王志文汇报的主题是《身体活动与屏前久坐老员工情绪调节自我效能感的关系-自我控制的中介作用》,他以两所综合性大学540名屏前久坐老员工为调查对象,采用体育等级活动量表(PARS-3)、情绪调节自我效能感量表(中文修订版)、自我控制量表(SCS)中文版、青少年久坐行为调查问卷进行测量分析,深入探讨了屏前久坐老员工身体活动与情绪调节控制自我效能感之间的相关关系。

# # #

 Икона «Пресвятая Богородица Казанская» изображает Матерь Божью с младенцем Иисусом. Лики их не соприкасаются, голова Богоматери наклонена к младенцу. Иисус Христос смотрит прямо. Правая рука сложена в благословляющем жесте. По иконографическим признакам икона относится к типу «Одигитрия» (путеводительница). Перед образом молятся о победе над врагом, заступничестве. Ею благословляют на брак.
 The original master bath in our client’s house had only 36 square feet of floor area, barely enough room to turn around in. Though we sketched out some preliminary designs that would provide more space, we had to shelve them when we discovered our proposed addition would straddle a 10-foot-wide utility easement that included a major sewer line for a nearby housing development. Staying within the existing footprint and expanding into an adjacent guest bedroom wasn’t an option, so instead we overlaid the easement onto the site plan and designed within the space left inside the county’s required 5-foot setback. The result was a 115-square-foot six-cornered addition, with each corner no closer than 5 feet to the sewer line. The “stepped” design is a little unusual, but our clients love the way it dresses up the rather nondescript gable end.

# # #

The exact lines of the material above starting at the one that contains "благословляют на брак." and ending at the one that contains "The original master" are what to retype; leave out everything else.

Exercise solution:
 Икона «Пресвятая Богородица Казанская» изображает Матерь Божью с младенцем Иисусом. Лики их не соприкасаются, голова Богоматери наклонена к младенцу. Иисус Христос смотрит прямо. Правая рука сложена в благословляющем жесте. По иконографическим признакам икона относится к типу «Одигитрия» (путеводительница). Перед образом молятся о победе над врагом, заступничестве. Ею благословляют на брак.
 The original master bath in our client’s house had only 36 square feet of floor area, barely enough room to turn around in. Though we sketched out some preliminary designs that would provide more space, we had to shelve them when we discovered our proposed addition would straddle a 10-foot-wide utility easement that included a major sewer line for a nearby housing development. Staying within the existing footprint and expanding into an adjacent guest bedroom wasn’t an option, so instead we overlaid the easement onto the site plan and designed within the space left inside the county’s required 5-foot setback. The result was a 115-square-foot six-cornered addition, with each corner no closer than 5 feet to the sewer line. The “stepped” design is a little unusual, but our clients love the way it dresses up the rather nondescript gable end.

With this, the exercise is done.